* **YOUR OBJECTIVE**: Using the data below, set down every line from the one containing "Any selected instrument" through the one containing "Bracelet fil bleu", inclusive and unchanged. Pictures are to be skipped.

* **DATASET ENTRIES**:
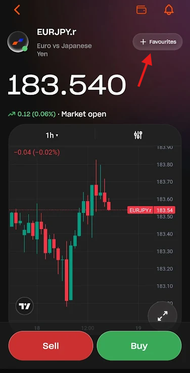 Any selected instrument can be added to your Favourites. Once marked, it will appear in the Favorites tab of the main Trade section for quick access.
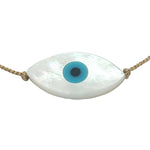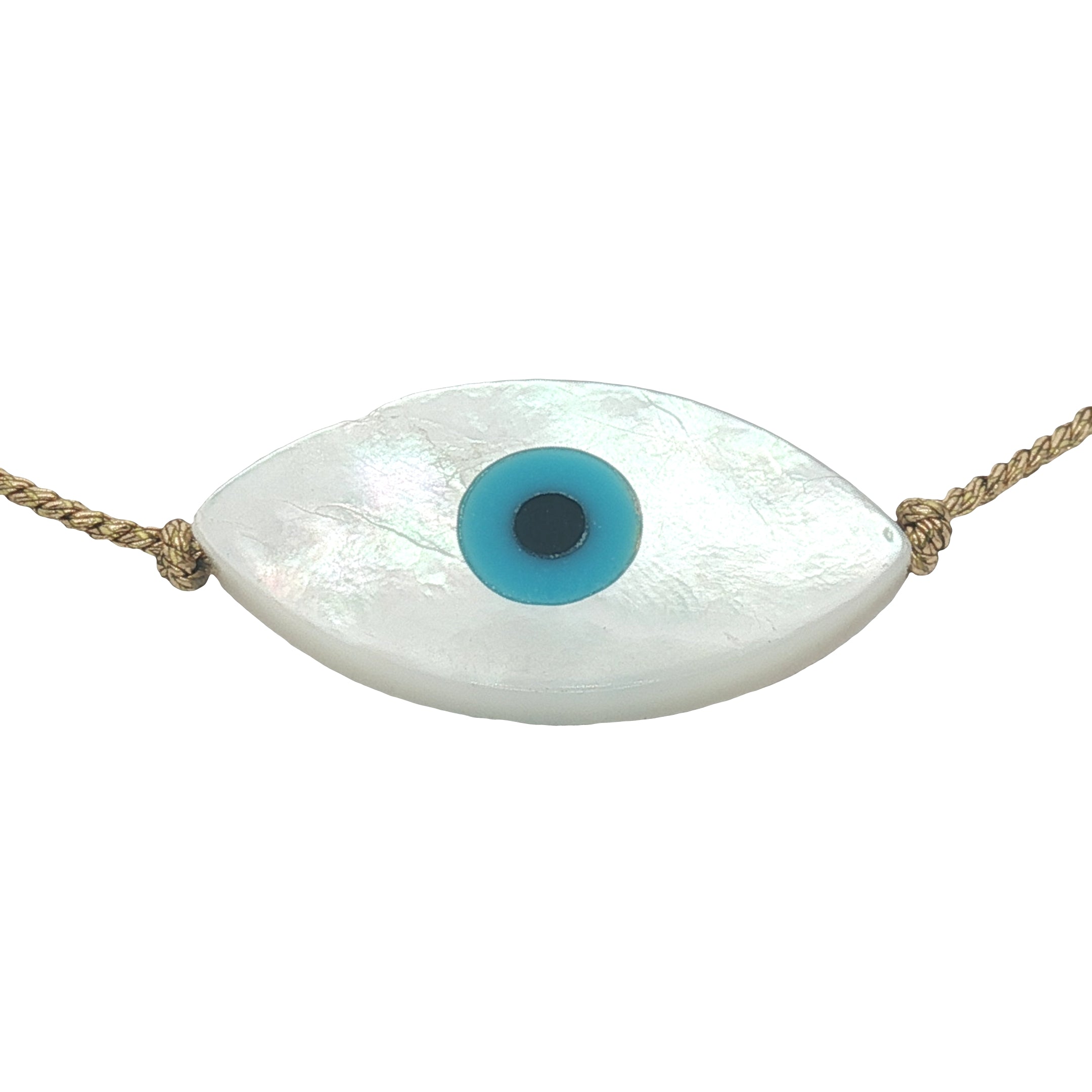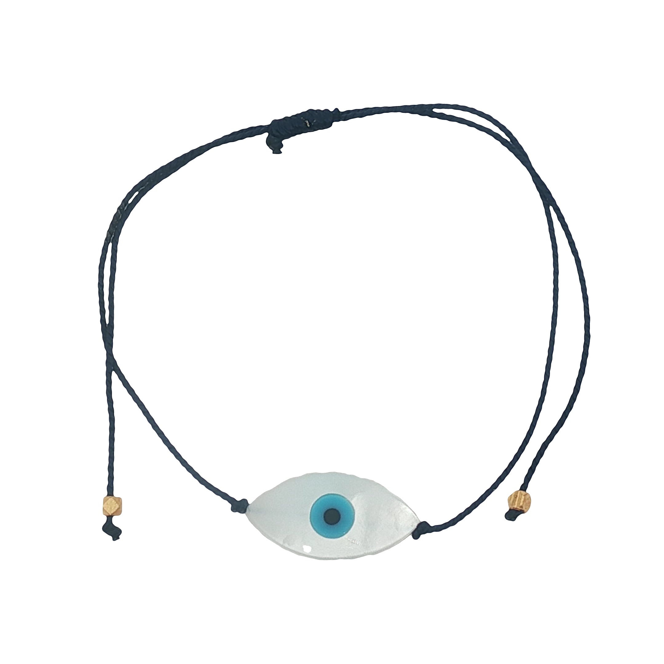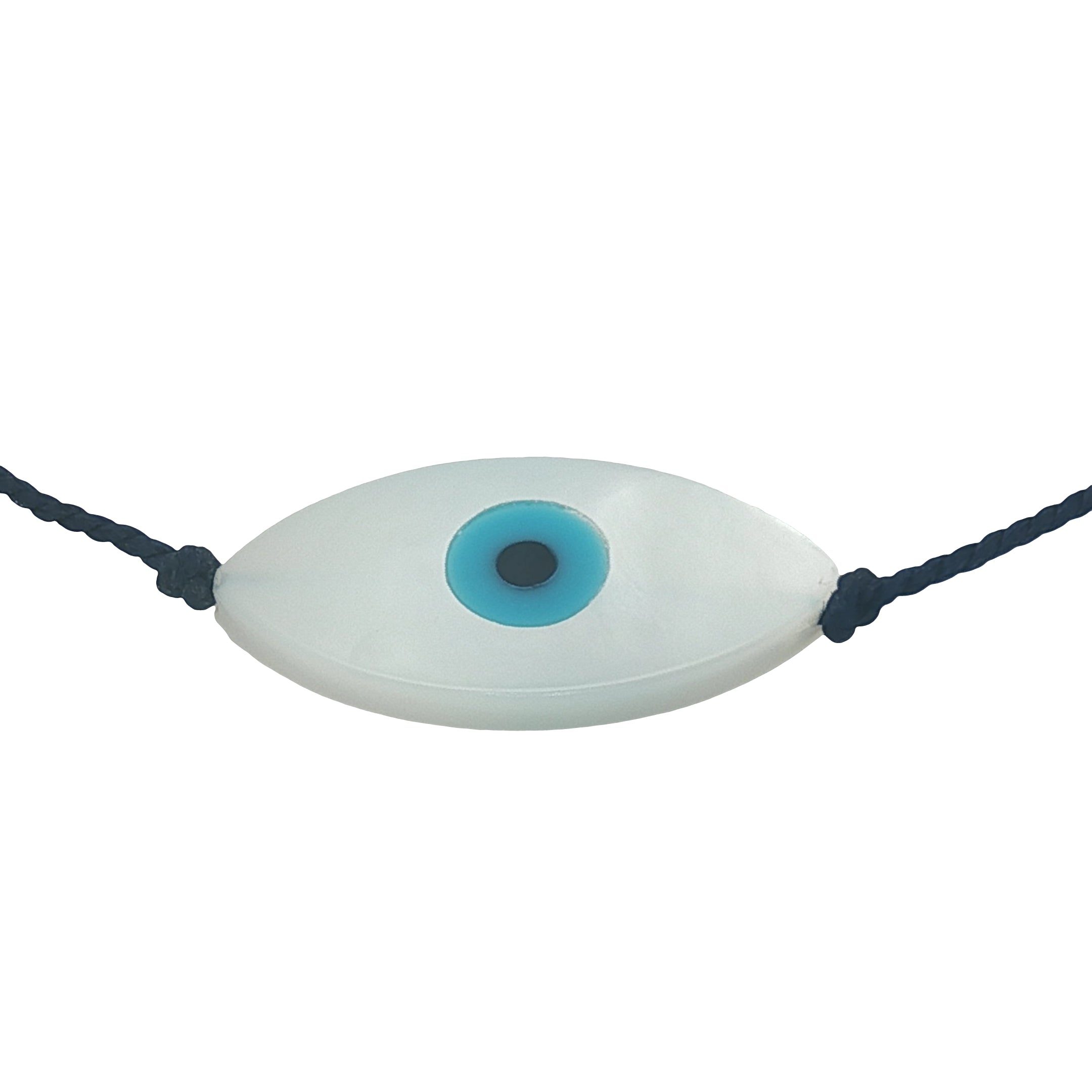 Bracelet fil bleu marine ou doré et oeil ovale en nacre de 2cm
==
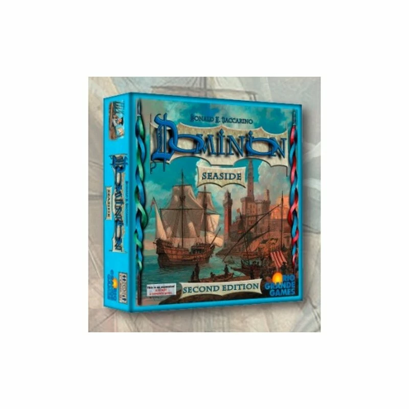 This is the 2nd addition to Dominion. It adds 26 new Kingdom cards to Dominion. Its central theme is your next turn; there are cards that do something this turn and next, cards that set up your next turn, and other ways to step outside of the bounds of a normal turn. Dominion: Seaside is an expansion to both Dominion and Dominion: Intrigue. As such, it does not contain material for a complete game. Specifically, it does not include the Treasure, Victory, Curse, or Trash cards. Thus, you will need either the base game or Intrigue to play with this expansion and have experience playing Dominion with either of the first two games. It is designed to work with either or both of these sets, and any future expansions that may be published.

* **EXERCISE RESPONSE**:
 Any selected instrument can be added to your Favourites. Once marked, it will appear in the Favorites tab of the main Trade section for quick access.
 Bracelet fil bleu marine ou doré et oeil ovale en nacre de 2cm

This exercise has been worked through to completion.